Only then did he permit himself to look at Betty, tiny and helpless against the headlong force of the river. He leaped out of the beached canoe and splashed madly in her direction, his strides shortening as the water got deeper and deeper.
Betty was holding herself just above the water, clinging to branches that jutted out just upstream from a deadly snag. The current helped by pushing her into the jutting limbs, though in the turbulence they trembled as if at any moment they might give way. She watched him moving upriver parallel to her. When he got above her field of vision, she tried to turn.
“I’m here, Betty!” he shouted. “Don’t look for me! I’m here!”
The current pushed at him so hard that he had to put himself sideways so as to give it only his body’s edge. He slid one foot, a baby step, then the other. The buoyant water made him light on the river bottom. The forces were in such delicate balance that so much as a doubt might have been enough to carry him away.

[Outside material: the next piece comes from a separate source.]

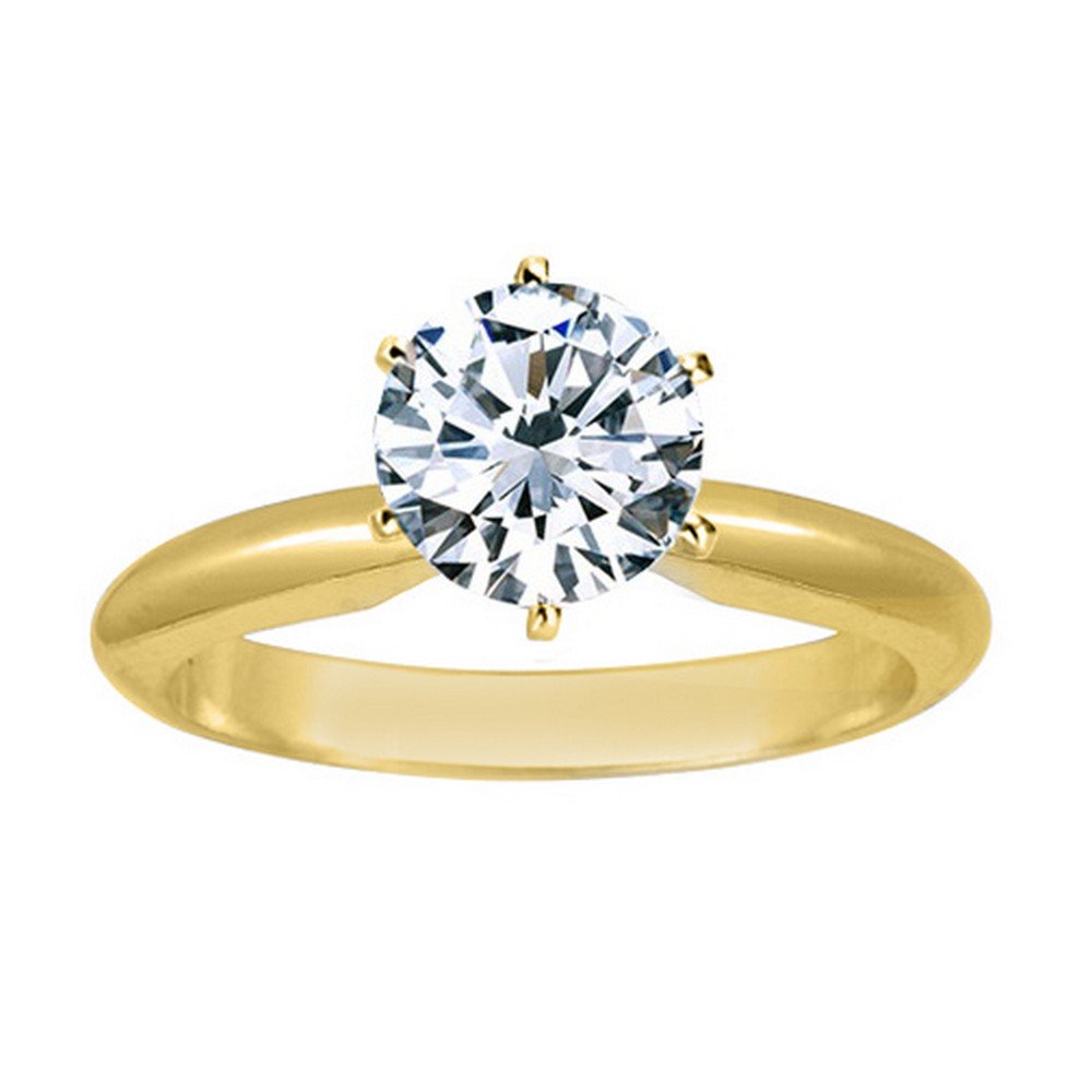 Houston Diamond District 1 to 5 Carat IGI CERTIFIED Lab Grown Diamond 6 Prong Solitaire Round Cut Engagement Ring (E-F Color VS2-SI1 Clarity) 14K Yellow Gold 4 Carat Size: 10.5

At some point he realized that he was not going to be able to reach her by wading. He stopped, looked down to where Cristina sat in the canoe, her face in her hands. He jumped.
In an instant he had Betty. The current pulled his legs downriver, curling him under her, until with a terrible crack the tree limb broke and they were both swept helplessly downriver.
His head went underwater, but he managed to kick away from the snag and hold her up above the maelstrom. Soon he was able to lie back, Betty on his belly, squirming but secure in his grip. His head came up and he gulped air. Then it went under again and he surrendered until the force of the water began to ease and he could let his feet down and find the bottom.
He stood, lifting her in his arms and carrying her to the middle of the river, where the gravel rose. He knew Cristina would never want to come to this place again. But he did not feel close to death. He felt that he was close to the truth of his life.